For me, the concept of loving myself for who I am right now is just foreign. I’m always trying to fix myself. Lose weight. Stop procrastinating. Get organized. Treat myself better. Have better hygiene. For me, self-acceptance is merely the lack of self-deprecation, or just not thinking about my opinion of myself at all.

This week, Sheryl e-mailed me with a one-liner:

Have you heard about this “fat acceptance” movement? What do you think about it?
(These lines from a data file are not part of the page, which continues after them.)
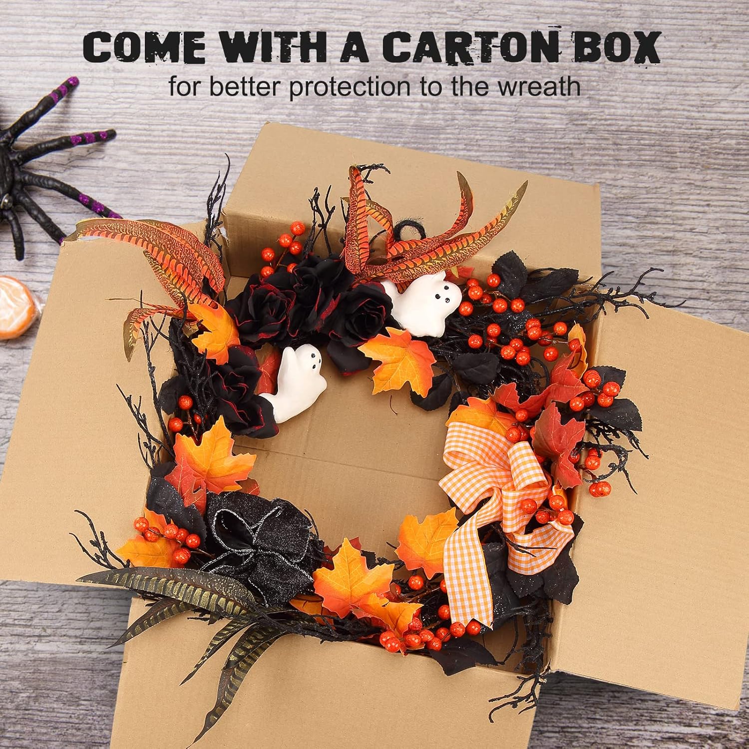 - Unique Halloween Wreath: Our front door Halloween wreath is handmaded on a grapevine base, decorated with white ghost, artificial rose flowers, feathers and ribbon bowknot. Black rattan base and twisty twigs give a spooky vibe. White ghost and orange bowknot add cuteness to the wreath.
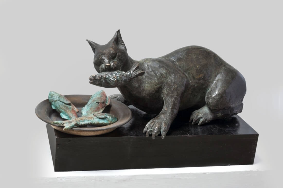 Kiran’s relationship with metal is central to her practice. She explains that while bronze is a beloved medium, its cost and the high stakes of even small mistakes led her to explore mild steel; her time teaching design and technology in London further honed her metalworking skills. “I have always loved shaping metal—heat and a careful hand let you coax any form from a stubborn sheet. While bronze holds a special place in my heart, its cost and the risk of a single mistake led me to embrace mild steel, a medium that lets me be both bold and economical. My years teaching and working in London sharpened my technique, but it is Santiniketan—its ponds, birds, barefoot walks and changing seasons—that remains my deepest inspiration; I hope that sense of enchantment and resilience comes through in every piece” explains Kiran Dixit Thacker.
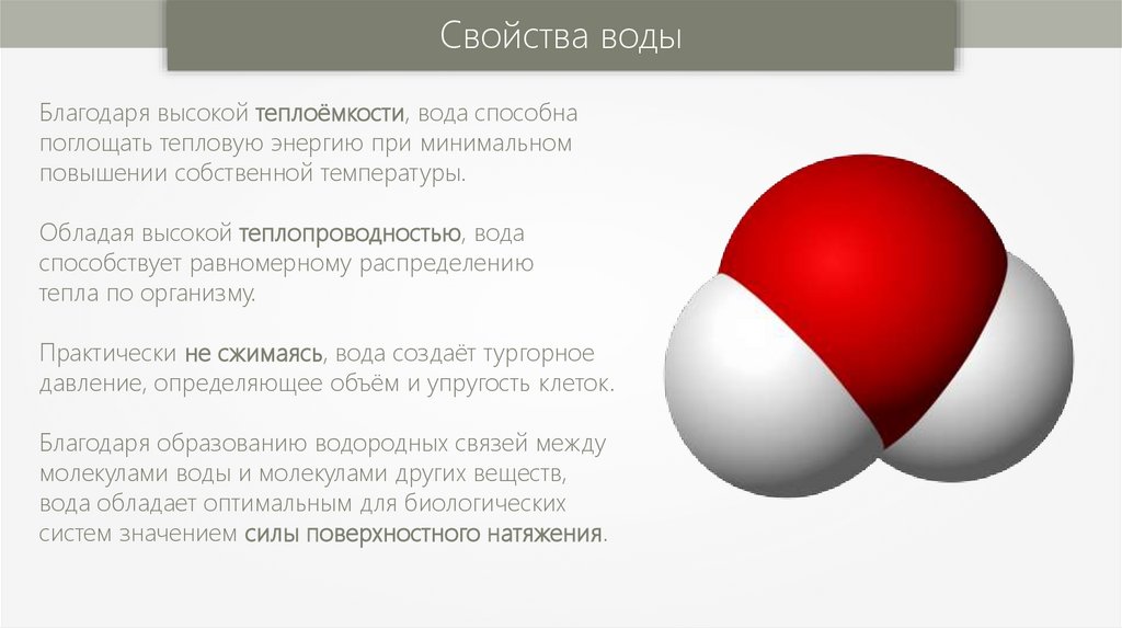 Свойства водыБлагодаря высокой теплоёмкости, вода способна
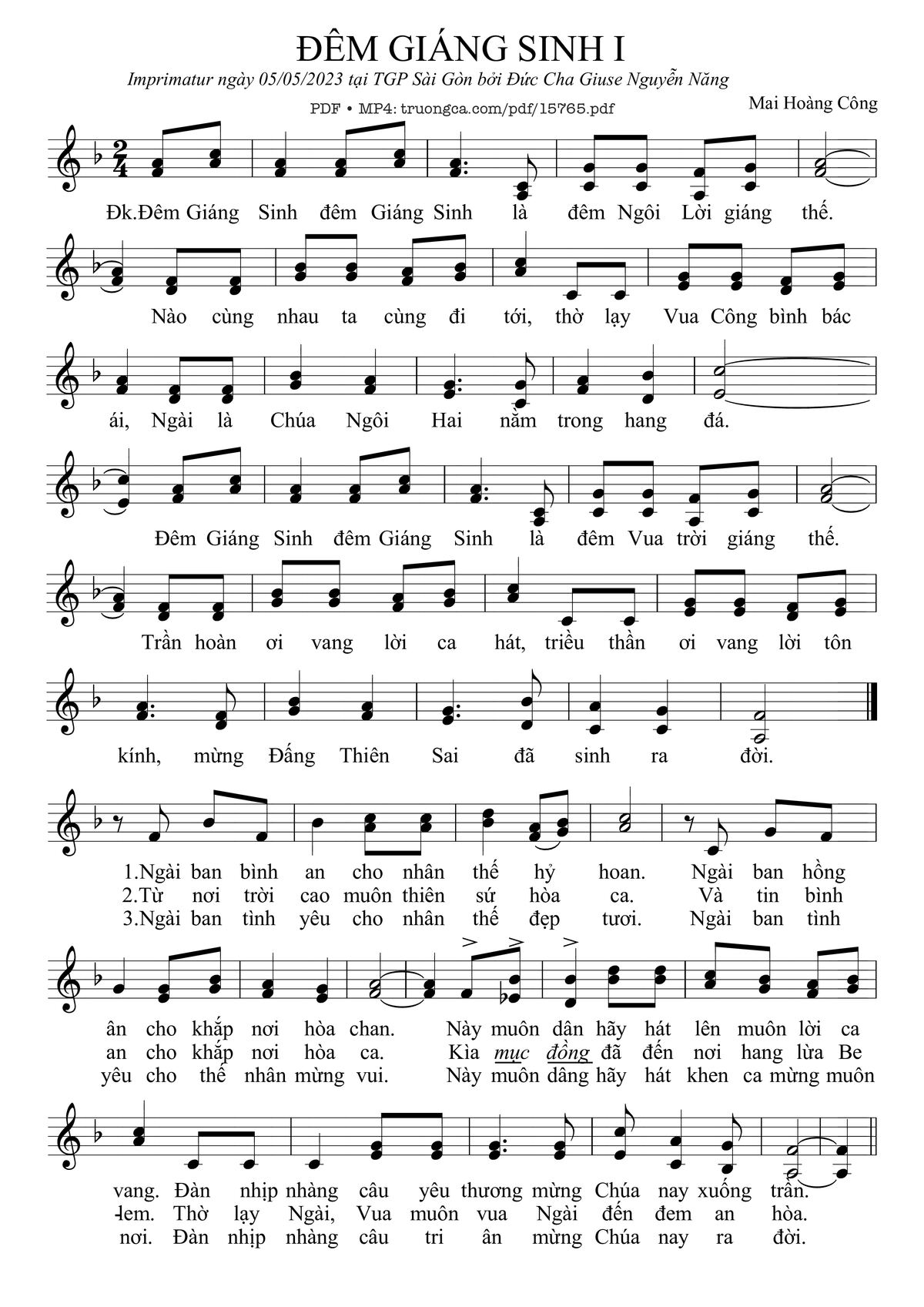 Điệp khúc. Đêm Giáng Sinh, đêm Giáng Sinh là đêm Ngôi Lời giáng thế. Nào cùng nhau ta cùng đi tới, thờ lạy Vua Công bình bác ái, Ngài là Chúa Ngôi Hai nằm trong hang đá. Đêm Giáng Sinh, đêm Giáng Sinh là đêm Vua trời giáng thế. Trần hoàn ơi vang lời ca hát, triều thần ơi vang lời tôn kính, mừng Đấng Thiên Sai đã sinh ra đời.

I hadn’t heard about it, so I hit Wikipedia, where I read the condensed version. It’s exactly what it sounds like: “a grassroots effort to change societal attitudes towards individuals who are fat.” So, I formulated an opinion:

Are fat people discriminated against? Do people make unfair assumptions about them? Definitely. Is being overfat unhealthy? I’m not a doctor, but I’m going to say yes.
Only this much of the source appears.